STATE Vs. BACHAN SINGH

Decided On January 14, 1955
STATE Appellant
V/S
BACHAN SINGH Respondents

JUDGEMENT

(1.) BACHAN Singh was found guilty of an offence under Section 33 (f) of the Excise Regulation 1 of 1915 and sentenced to pay a fine of Rs. 300/- with l1/2 months rigorous imprisonment in default. Against his conviction and sentence he tiled an appeal before the learned Sessions Judge who reduced the fine to Rs. 25/- only but maintained the conviction. Now the State has come up in revision seeking; an enhancement of the sentence imposed on Bachan Singh. In this revision, I have heard the learned Counsel for Bachan Singh and the learned Public Prosecutor.

(2.) THE first contention of the learned Counsel for the accused is that the conviction cannot be maintained. It is urged that the whole trial is vitiated inasmuch as the learned Magistrate did not properly explain the ingredients of the offence and did not himself record the statement of the accused. The learned Counsel has referred me to - 'ladu v. Phul Chanel 1937 AMLJ 140 (A) and Fateh Chand v. Munna Lal', 1938 AMLJ 17 (B ). In the earlier ruling the practice of Magistrate directing his clerk to perform the Magistrate's duty of verifying the complaint and making a preliminary enquiry under Section 202, Criminal P. C. was condemned. In the latter ruling the Magistrate's conduct in not recording the statement of the applicant in accordance with the requirements of Section 356, Criminal P. C. was condemned. In my opinion, neither of these rulings will help the learned Counsel. This case is governed by the provisions of Sections 242 and 243, Criminal Procedure Code. Under Section 242, the Magistrate had to explain the particulars of the offence to the accused and to ask him to show cause why he should not be convicted. The Magistrate was called upon by the learned Sessions Judge to submit a report. The original report is on the tile of 'criminal Appeal No. 94 of 1954, but covers this case also. The learned Magistrate therein has stated that the particulars of the offence were read over and explained to the accused individually and the plea has been recorded from his dictation at the accused's instance. Section 243, Criminal P. C. requires the admission of the accused to. be recorded has nearly as possible in the words used by him. The Code does not specifically provide that the necessary memorandum or record should be prepared by the Magistrate in his own handwriting. But 1 am clear in my mind that no careful Magistrate would delegate this function to his clerk. Judicial work must be performed very carefully and it is essential that the Magistrate should himself make a record of the fact that the particulars of the offence were explained to the accused and should himself record the admission made by the accused as nearly as possible in the words used by the, accused. I, therefore, severely condemn the method adopted by the learned trial Magistrate in this particular case. I hope he would be more careful otherwise he may not be considered fit. to discharge magisterial functions.

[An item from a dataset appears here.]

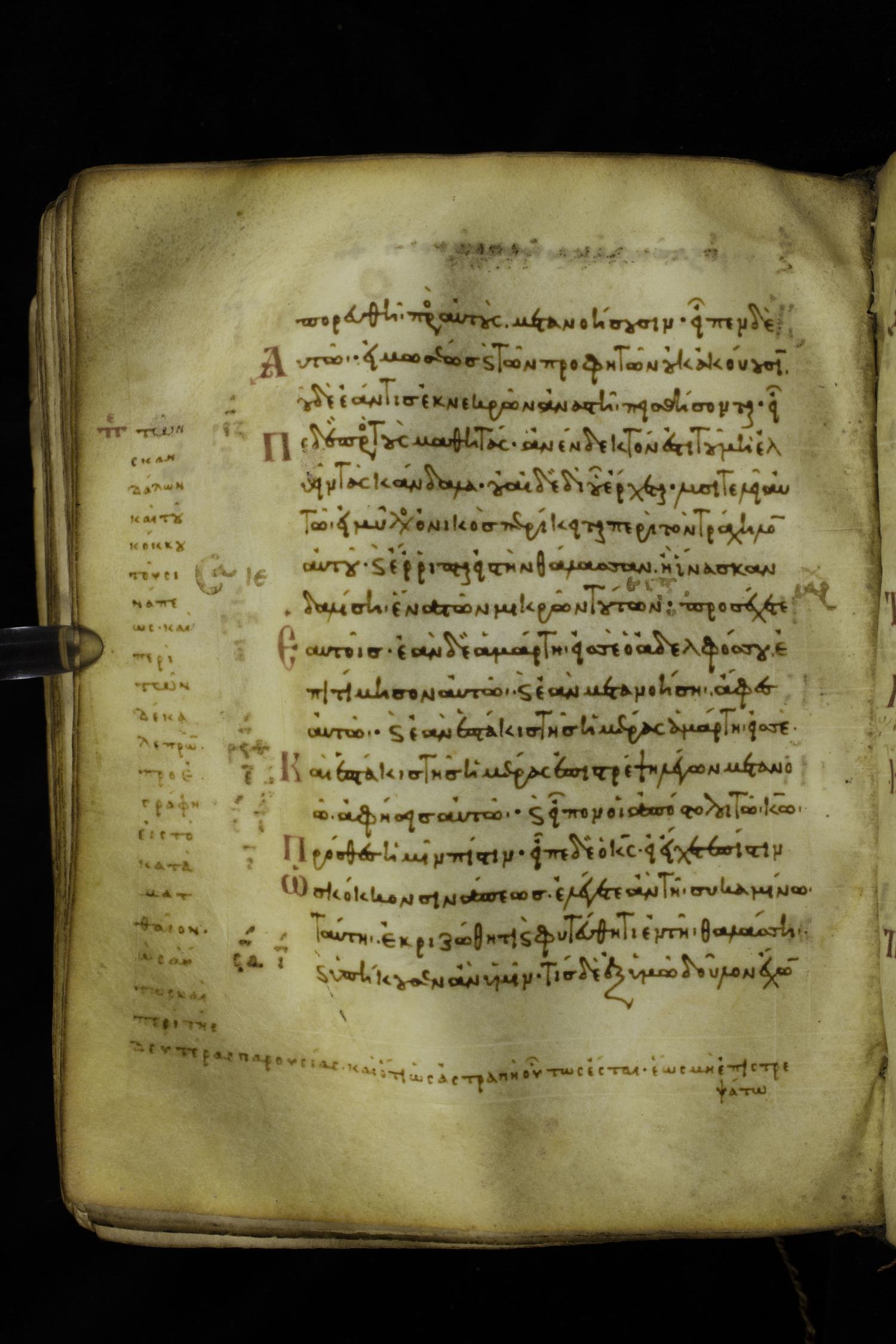 Eleventh century minuscule of the Gospels with commentary on parchment; 289 leaves, single column, 15-17 lines per column. Images were taken at the Hellenic Parliament Library in Athens.

(3.) SO far as this particular case is concerned, I am, however, of the view that no prejudice has in fact been caused to the accused and the record prepared is substantially correct. The Magistrate has submitted a report and no affidavit has been filed nor any evidence has been led to show that the statement made by the Magistrate is not correct. In this connection ray attention has further been drawn to the fact that the learned Sessions Judge in his appellate judgment noted that the accused had pleaded not guilty. Obviously, this is a clerical mistake. The fact is that the learned Magistrate had noted in his judgment that the accused had pleaded guilty and while it was for the learned Sessions judge to decide whether the plea of guilty had to be taken as such or not, the fact remains that the accused had pleaded guilty. I am therefore, unable to attach any weight to the contention that the learned Sessions Judge was of opinion that the accused's plea of guilty should not be taken as such merely because he has in his judgment stated that the accused pleaded not guilty.